The concept of functional foods is not new, as the medical and physiological benefits of some foods have been known for ages. The enhanced interest in functional foods is driven by a confluence of three factors: a greater understanding of the way functional food components exert medical benefits, the desire and capability of the food industry to produce new products based on these concepts, and interest and acceptance by the consumer. The new discipline of functional food science places emphasis in gaining knowledge of how functional food components can affect certain body functions related to health and disease.
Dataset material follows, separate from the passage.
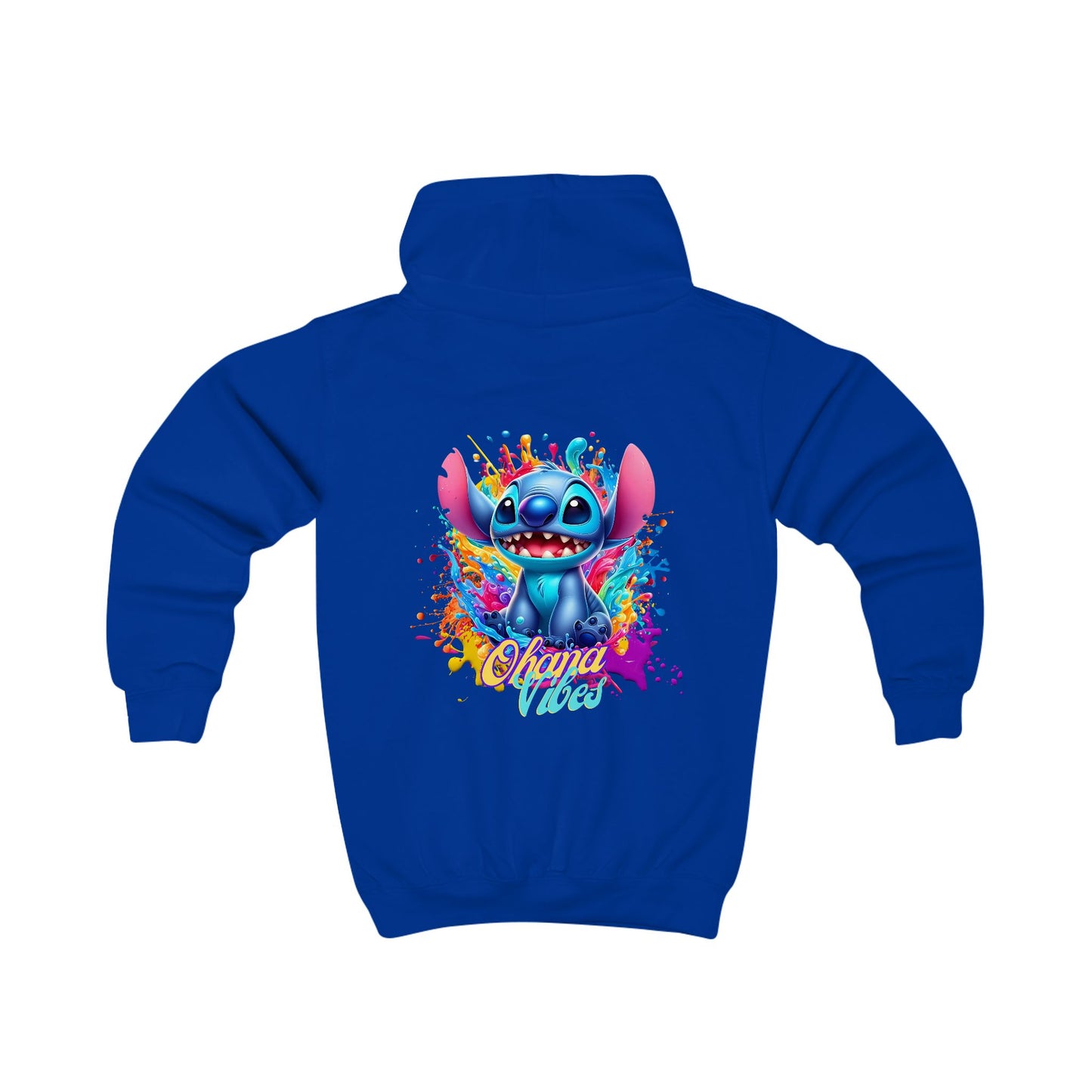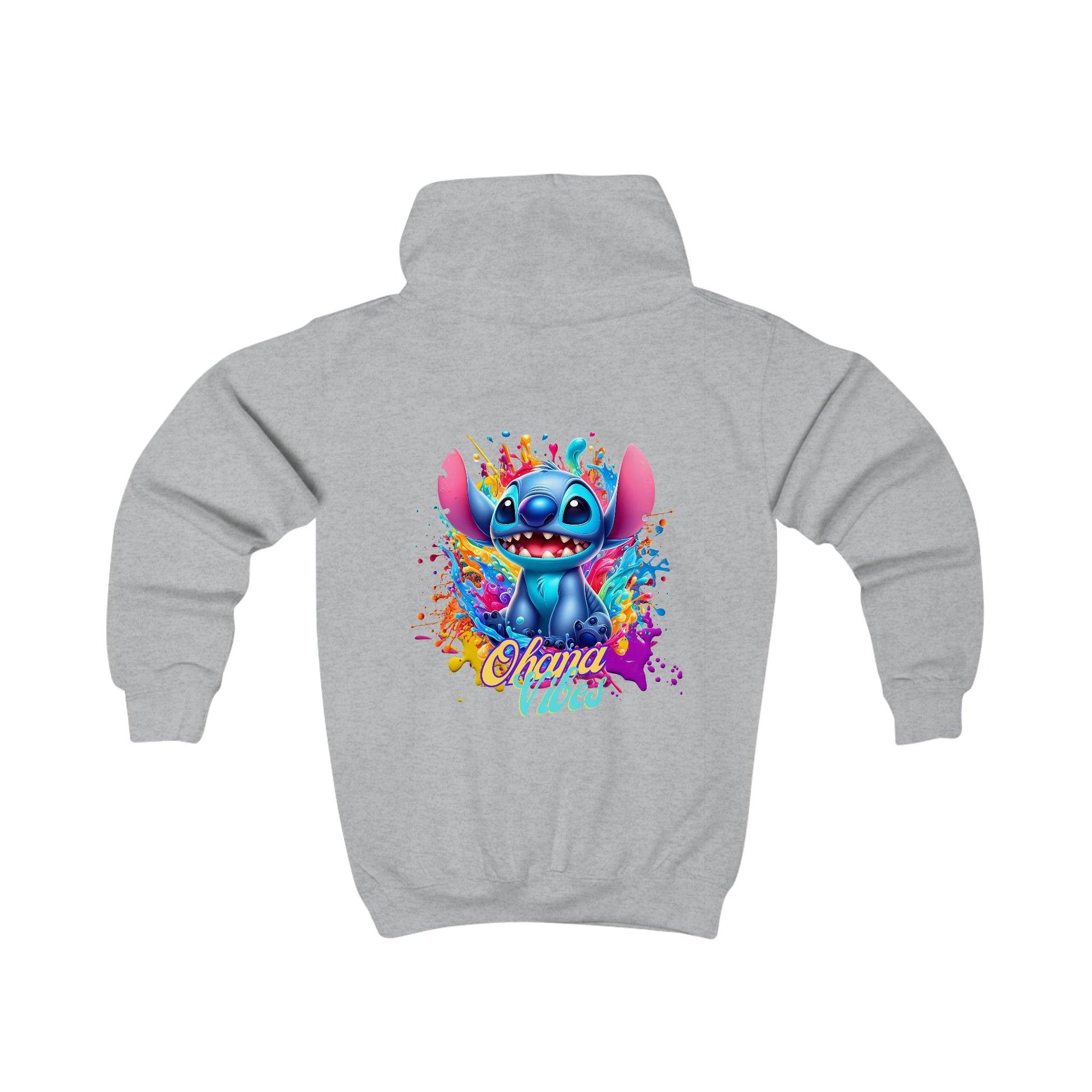 This design brings the cheeky, lovable Stitch in a vibrant color splash look to your tee or hoodie â available either in a heart frame as a symbol of pure love or with the âOhana Vibesâ text as a reminder that family (no matter how crazy) is everything.

Several methods exist to modify a natural (unmodified) food to be a functional food. Any natural food with an active ingredient can be modified to improve its effectiveness as a functional food. For example, the concentration of a particular component that is naturally present in the particular food could be increased to produce beneficial effects. Similarly, a component known to cause a detrimental health effect could be removed. A component not normally found in a particular food but known to produce a beneficial effect could be added. A component whose intake is usually excessive and could cause deleterious health effects can be replaced by a component with beneficial health effects. Finally, the bioavailability or stability of a component known to reduce the disease-risk potential of a particular food could be improved.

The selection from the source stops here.